读写各种不同编码的文本数据，如 ASCII，UTF-8 or UTF-16 编码等。

# 1. 使用 'rt' 模式的 open() 函数读取文本文件:
file_name = r'./myfile.txt'

# 1.1 Read the entire file as a single string
with open(file_name, 'rt') as f:
    data = f.read()

# 1.2 Iterate over the lines of the file
with open(file_name, 'rt') as f:
    for line in f:
        # process line
        pass


# 2. 为写入文本文件, 使用 'wt' 模式的 open() 函数, 若文件已存在则清除并覆盖:
file_name = r'./Marie.txt'

# 2.1 Write chunks of text data
with open(file_name, 'wt') as f:
    f.write('hello Python world')
    f.write('goodbye C++ world')    # 这种方式不会自动换行

# 2.2 Redirected print statement
with open(file_name, 'wt') as f:
    print('hello Python world', file=f)    # 这种语法参考 5.2 节
    print('goodbye Java world', file=f)    # 这种方式每个 print 语句写入一行


# 3. 若要在已存在文件中添加内容, 使用 'at' 模式的 open() 函数:
with open(file_name, 'at') as f:
    f.write('this line was appended to the file. 科科')

    
# >>>>>> 文件读写操作默认使用系统编码, 可通过调用 sys.getdefaultencoding() 来得到:
import sys
print(sys.getdefaultencoding())


# 4. 若要读写的文本是其他编码方式的, 可使用 open() 函数中的 encoding 参数:
with open(file_name, 'rt', encoding='latin-1') as f:    # 此编码永远不会产生解码错误
    data = f.read()
    print(data)


# 5. 不使用 with 语句时必须手动关闭文件:
f = open(file_name, 'r')
data = f.read()
f.close()


# 6. 给 open() 函数传递一个可选的 errors 参数以处理“阴魂不散的”编码错误:
with open(file_name, 'r', encoding='utf-8', errors='replace') as f:    # replace 的作用?
    contents = f.read()
    print(contents)

with open(file_name, 'r', encoding='utf-8', errors='ignore') as f:    # ignore 的作用?
    contents = f.read()
    print(contents)

使用 errors 参数避免编码错误的做法实属无奈之举，可不要依赖它，正确的做法是确保使用正确的编码。

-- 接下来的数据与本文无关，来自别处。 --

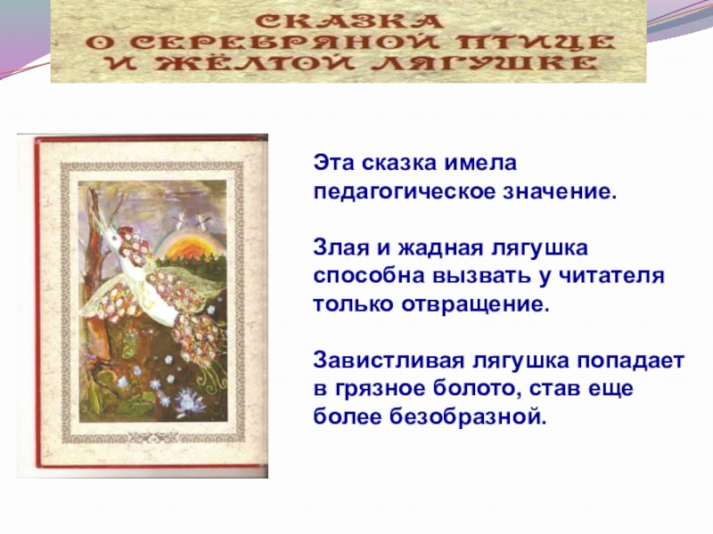 Слайд 33Эта сказка имела педагогическое значение.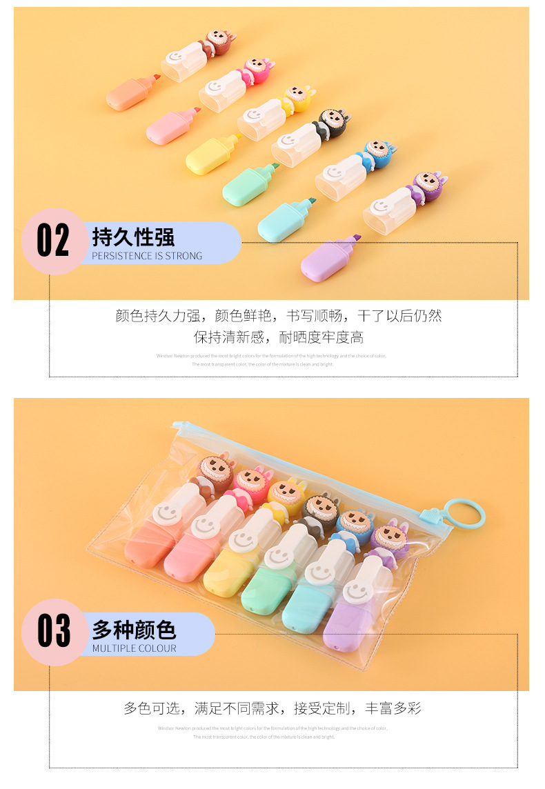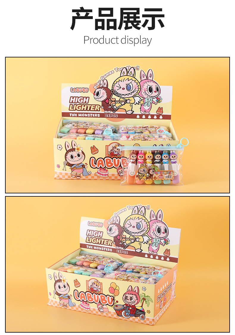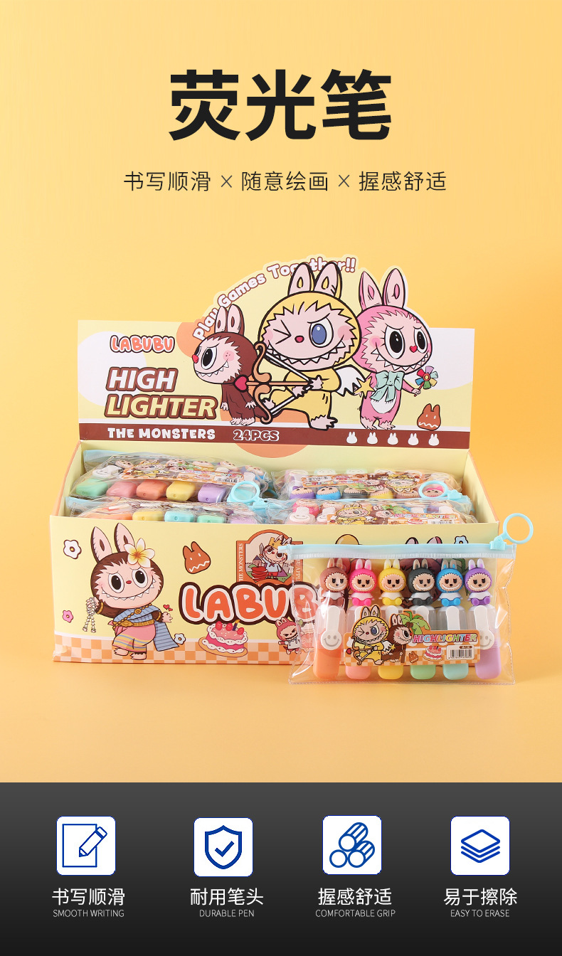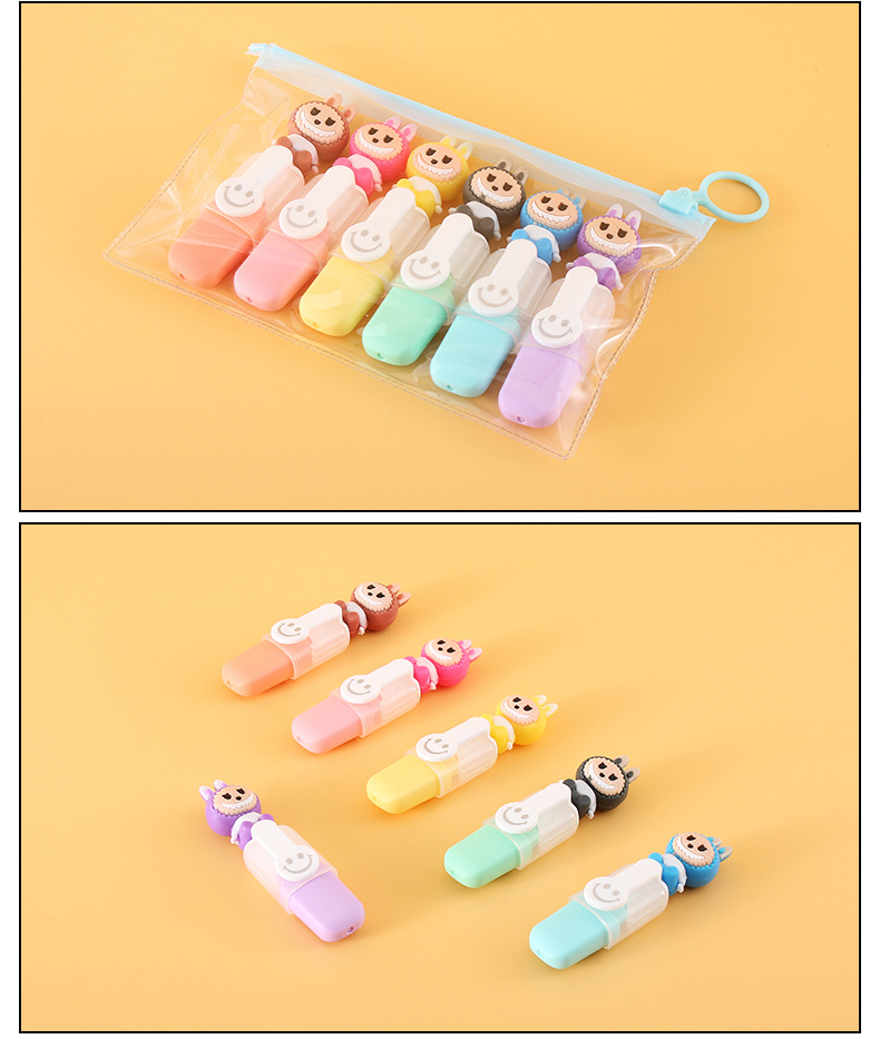 labubu mini 6 colors fluorescent pen set cute cartoon drawing pen good-looking student color marking pen

errors 中指定 replace 和 ignore 的具体效果是？

5.2 打印输出至文件中 — print() 函数的关键字参数 file

如何将 print() 函数的输出重定向到一个文件中去？

# 在 print() 函数中指定 file 关键字参数:
with open('./test.txt', 'wt', encoding='gbk') as f:    # 注意, 这里指定 'wb' 模式会报错哦~
    print('Servant 哟, 我就是你的 Master 吗？', file=f)

""" 这里的 print 语句将打印内容直接写进 file 参数指定的文件中;
    file 参数的默认值为 sys.stdout, 该默认值代表了系统标准输出, 也就是屏幕. """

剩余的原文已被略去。